In a piece titled "Mike Johnson, Lollygagger of the House," reporter Joe Perticone argued that the Louisiana Republican stands apart from his recent predecessors because he has made handing power to the White House his defining act.
"Each House speakership ends up having its own unique character—forged through a combination of successes and failures," Perticone wrote, before walking through the legacies of Nancy Pelosi, Paul Ryan, John Boehner, and Kevin McCarthy.
Pelosi, he noted, ruled her caucus with an iron fist and muscled through landmark bills like the Affordable Care Act. Ryan and Boehner moved substantial legislation and landed lucrative post-Congress gigs.

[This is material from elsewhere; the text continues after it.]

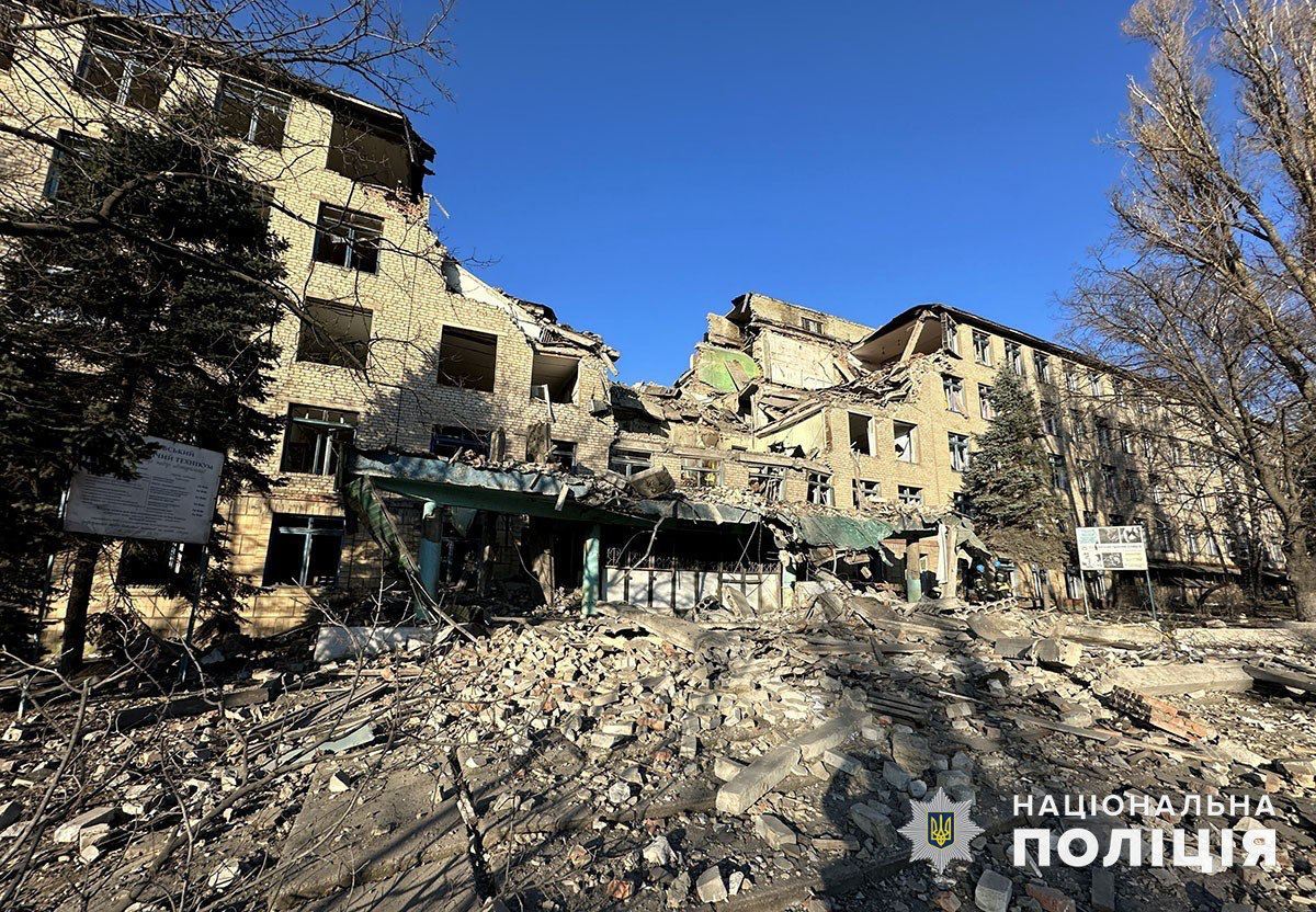 Школа в Селидово после обстрела. Фото: нацполиция

McCarthy was tarred and feathered on the House floor, figuratively speaking, and has yet to find a soft landing.
Then Perticone torched Johnson.
"Mike Johnson's speakership is somewhat different from all these," he wrote. "His overriding project has been to cede whatever power and decision-making he can to the White House, and this has, in turn, given shape to an unusual legacy, one defined by impotence."
The takedown lands as Johnson's own members increasingly route around him. According to a recent analysis from Georgetown's Government Affairs Institute, House Republicans under Johnson have set the modern record for successful discharge petitions, the procedural workaround that lets a majority of members force a floor vote without the Speaker's blessing.
Perticone pointed to the same dynamic, writing that "In recent months there has been a strange spirit of bipartisanship among frustrated House members, who have relied on the previously rare tactic of discharge petitions to circumvent Johnson" — a streak that has left the Speaker visibly outmaneuvered and reduced to insisting he "has not lost control" of the chamber.
The Bulwark was founded in 2018 by Sarah Longwell, Bill Kristol, and Charlie Sykes as a Never Trump home for center-right writers cast out as the Republican Party reorganized around President Donald Trump.